5,929,212 SHARES OF COMMON STOCK

AGENUS INC.

This prospectus supplement amends the prospectus dated March 18, 2009 (as supplemented on April 15, 2009, April 17, 2009, April 22, 2009, April 27, 2009, May 4, 2009, May 11, 2009, May 27, 2009, June 4, 2009, June 8, 2009, June 9, 2009, June 11, 2009, June 15, 2009, July 7, 2009, July 15, 2009, August 3, 2009, August 5, 2009, September 11, 2009, September 18, 2009, November 12, 2009, January 5, 2010, March 1, 2010, March 25, 2010, April 26, 2010, May 11, 2010, May 18, 2010, July 23, 2010, August 9, 2010, August 25, 2010, November 3, 2010, November 10, 2010, December 30, 2010, January 7, 2011, January 14, 2011, January 28, 2011, and March 1, 2011) that relates to the issuance of up to 5,929,212 shares of our common stock, par value $0.01 per share (“common stock”), issuable upon the conversion of 5,250 shares of Series B2 Convertible Preferred Stock, par value $0.01 per share (“Series B2 Convertible Preferred Stock”). If the shares of Series B2 Convertible Preferred Stock are converted through payment of cash consideration, if at all, we will receive the cash from such conversion.

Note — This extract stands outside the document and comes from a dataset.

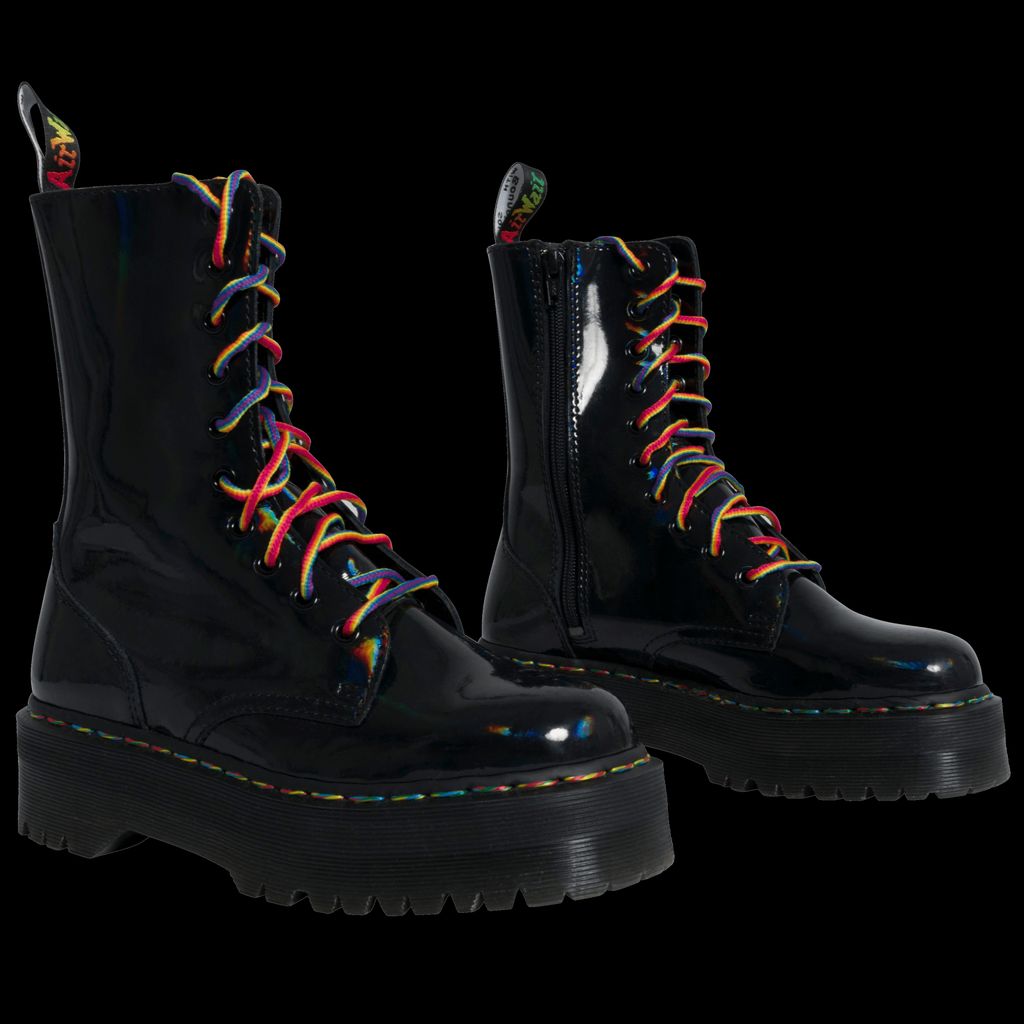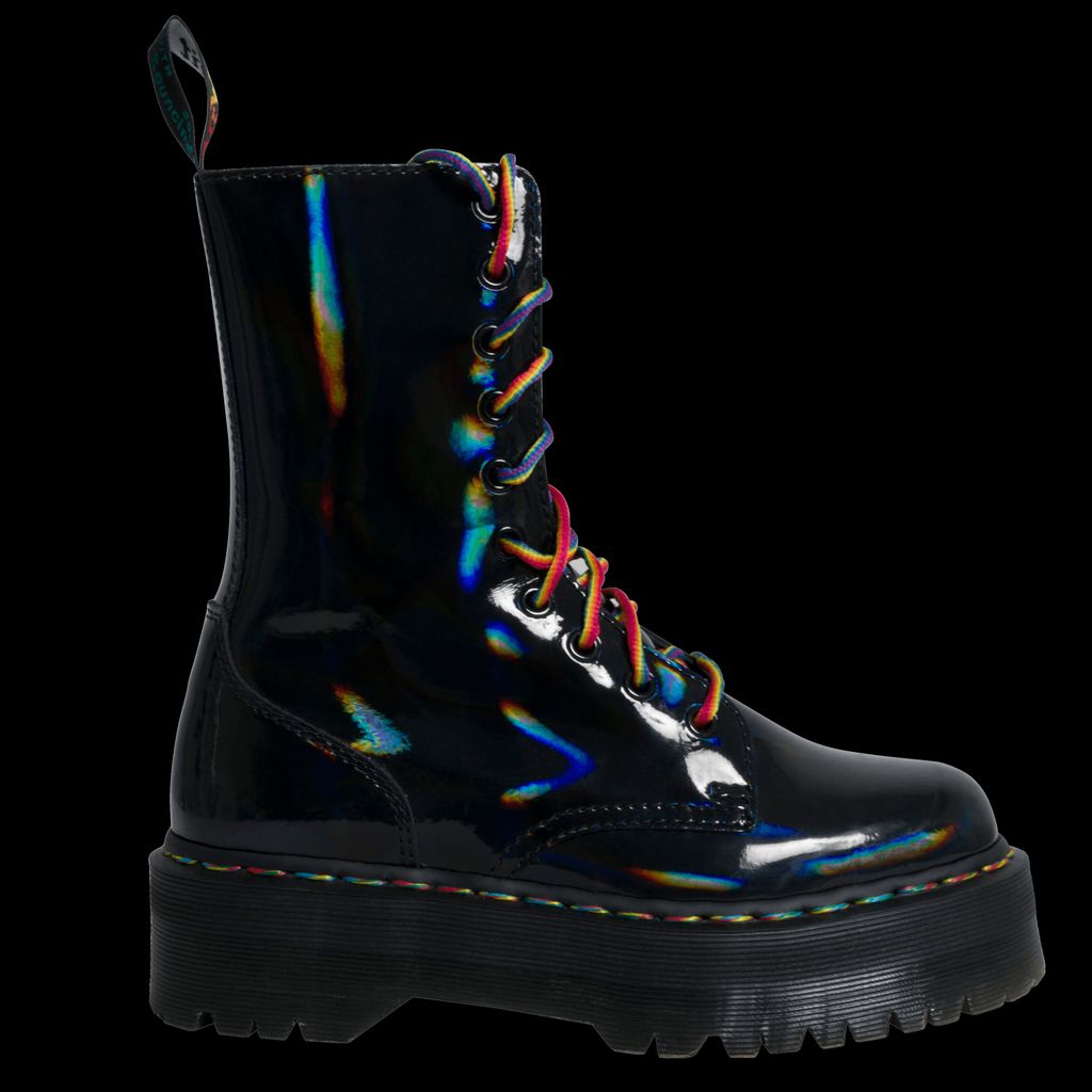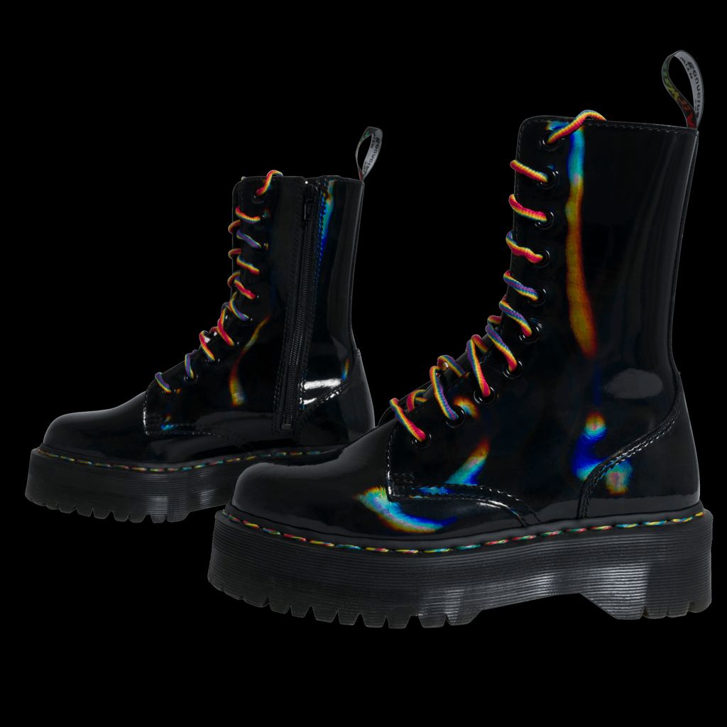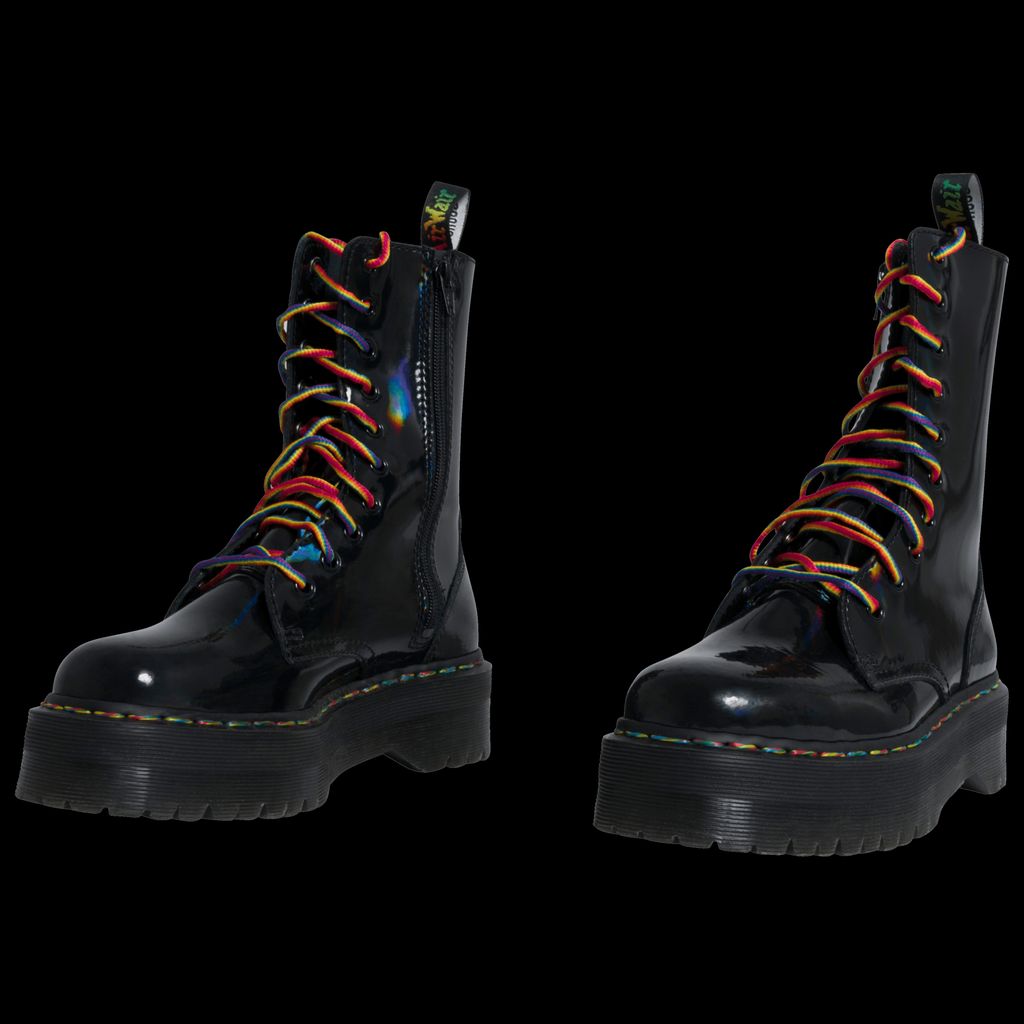 These super platform boots from Dr. Martens features a unique black leather that reflects iridescent rainbow light. Finished with a 10-eye lace up closure with rainbow laces, side zipper closure, and back pull tab. In good condition. Minor scuffing. Comes with original box.

This prospectus supplement is being filed to include the information set forth in the Current Report on Form 8-K filed on March 4, 2011, which is set forth below. This prospectus supplement should be read in conjunction with the prospectus dated March 18, 2009, Prospectus Supplement No. 1 dated April 15, 2009, Prospectus Supplement No. 2 dated April 17, 2009, Prospectus Supplement No. 3 dated April 22, 2009, Prospectus Supplement No. 4 dated April 27, 2009, Prospectus Supplement No. 5 dated May 4, 2009, Prospectus Supplement No. 6 dated May 11, 2009, Prospectus Supplement No. 7 dated May 27, 2009, Prospectus Supplement No. 8 dated June 4, 2009, Prospectus Supplement No. 9 dated June 8, 2009, Prospectus Supplement No. 10 dated June 9, 2009, Prospectus Supplement No. 11 dated June 11, 2009, Prospectus Supplement No. 12 dated June 15, 2009, Prospectus Supplement No. 13 dated July 7, 2009, Prospectus Supplement No. 14 dated July 15, 2009, Prospectus Supplement No. 15 dated August 3, 2009, Prospectus Supplement No. 16 dated August 5, 2009, Prospectus Supplement No. 17 dated September 11, 2009, Prospectus Supplement No. 18 dated September 18, 2009, Prospectus Supplement No. 19 dated November 12, 2009, Prospectus Supplement No. 20 dated January 5, 2010, Prospectus Supplement No. 21 dated March 1, 2010, Prospectus Supplement No. 23 dated March 25, 2010, Prospectus Supplement No. 24 dated April 26, 2010, Prospectus Supplement No. 25 dated May 11, 2010, Prospectus Supplement No. 26 dated May 18, 2010, Prospectus Supplement No. 27 dated July 23, 2010, Prospectus Supplement No. 28 dated August 9, 2010, Prospectus Supplement No. 29 dated August 25, 2010, Prospectus Supplement No. 30 dated November 3, 2010, Prospectus Supplement No. 31 dated November 10, 2010, Prospectus Supplement No. 32 dated December 30, 2010, Prospectus Supplement No. 33 dated January 7, 2011, Prospectus Supplement No, 34 dated January 14, 2011, Prospectus Supplement No. 35 dated January 28, 2011, and Prospectus Supplement No. 36 dated March 1, 2011, which are to be delivered with this prospectus supplement.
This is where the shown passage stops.